Second, somewhat paradoxically, we found that AI-enabled communication systems can also make students more proactive. As Pounce pinged students with questions and reminders, the outreach primed students to think of and ask other questions that had been on their minds. Thus, the system provided students with a nudge to ask whatever they may have been worrying about and opened a new channel of communication. A key goal for an educational system — and most companies — is encouraging students (or employees) to take proactive steps to solve small challenges before they become big problems.  Thus, a collateral benefit of support from Pounce was that as students were primed about certain tasks, they became more agentic in tackling other important tasks to prepare themselves for college.

Third, institutions that are savvy about using individualized data proactively and who create more proactive constituents can pursue core goals more effectively and efficiently.  When institutions reach out to their employees, clients, and customers to make them better at completing tasks essential to their roles, the improved performance, in turn, can help the institution. Pounce helped GSU students manage a number of distinct tasks more successfully. This support boosted student enrollment (and therefore revenue) for the institution and likely engendered goodwill among students — who we suspect were happier to receive support to hit deadlines than to be assessed penalties for missing them.  By spending less time and effort getting students matriculated at GSU, Pounce freed the institution’s and the students’ resources to enable greater focus on teaching and learning goals.

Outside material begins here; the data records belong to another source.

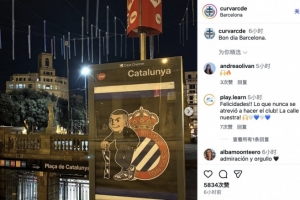 加泰德比氛围点燃,西班牙人球迷组织在巴塞罗那市街头张贴海报
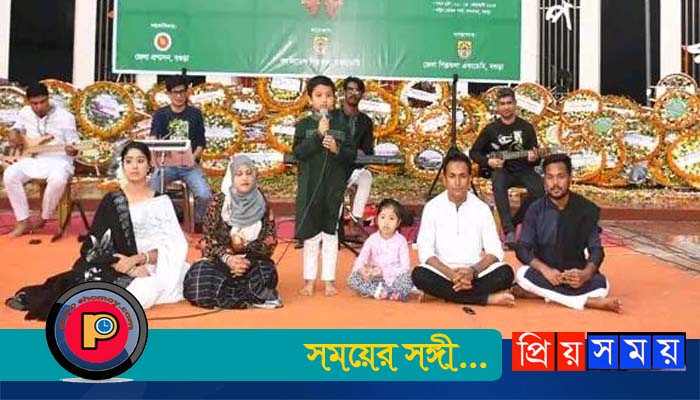 বগুড়া অমর একুশে বইমেলায় মনোজ্ঞ সাংস্কৃতিক অনুষ্ঠানে মুগ্ধ হয়ে উপভোগ করছেন মেলায় আগত দশনার্থীরা। সোমবার বিকেলে বগুড়া শহীদ খোকন পার্কে জাসাস আয়োজিত আয়োজিত অমর একুশে বই মেলায় গিয়ে এমন দৃশ্য চোখে পড়ে। জানা যায়, বগুড়া জেলা জাসাসের আয়োজনে এবারই প্রথম বই মেলা অনুষ্ঠিত হচ্ছে।
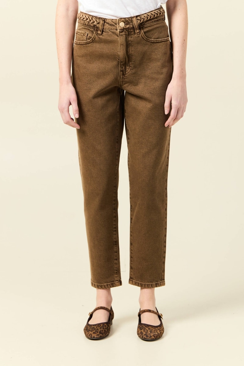 Calças de ganga mom em algodão biológico - Castanho
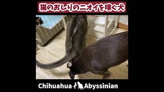 (アビ&チワワ) 猫のお尻のニオイを嗅ぐ犬 #shorts
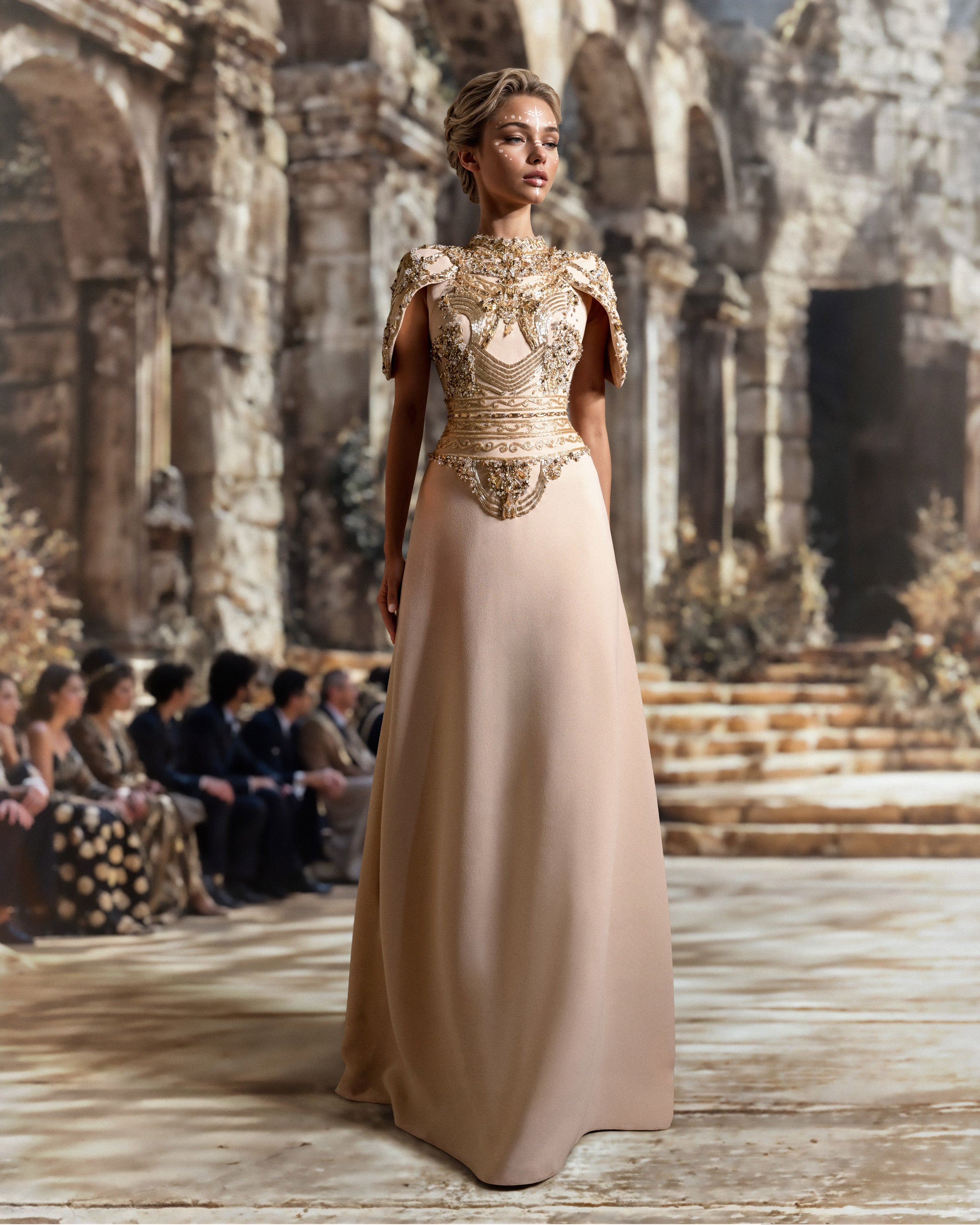 نقدم لكم فستان الكريب كوتور الذهبي، وهو ابتكار قوي وأنيق في نفس الوقت يمزج بين الهيكل المنحوت والزخارف الراقية. صُنع الفستان من الكريب كوتور الذهبي الناعم، ويتميز بتصميم أنيق وممتد وينسدل بانسيابية على الأرض برشاقة هادئة.

Combining data integration with artificial intelligence in the form of virtual assistants, such as Pounce, holds promise for sectors like education that rely heavily on communication. Of students who completed high school in 2014, for example, 68% — some two million individuals — transitioned directly to postsecondary education. The matriculation process and its corresponding challenges remain reasonably consistent over time. Thus, artificially intelligent systems such as Pounce have the potential to provide these transitioning students with personalized support to stay on track while not burdening universities with excessive costs or demands for staff time. Rather, this system minimizes the need for staff to respond to common questions, so that they can instead devote their time more fully to those issues that only humans can solve.

Further, AI systems that can be responsive to human changes in wants, needs, and feelings show substantial promise well beyond higher education.  Just about any company with an on-boarding process to orient new employees will face similar tasks in which some employees need assistance while others feel confident that they can manage on their own.  Businesses which have customers or clients with idiosyncratic needs may similarly benefit from AI systems that can tailor outreach and respond to incoming queries.  In such cases, individualized, proactive outreach to support employees or clients is likely to make these constituents more proactive in ensuring that their own needs and questions are addressed.  Thus, the foundation for a proactive feedback loop will be established — a genuinely intelligent move for any institution.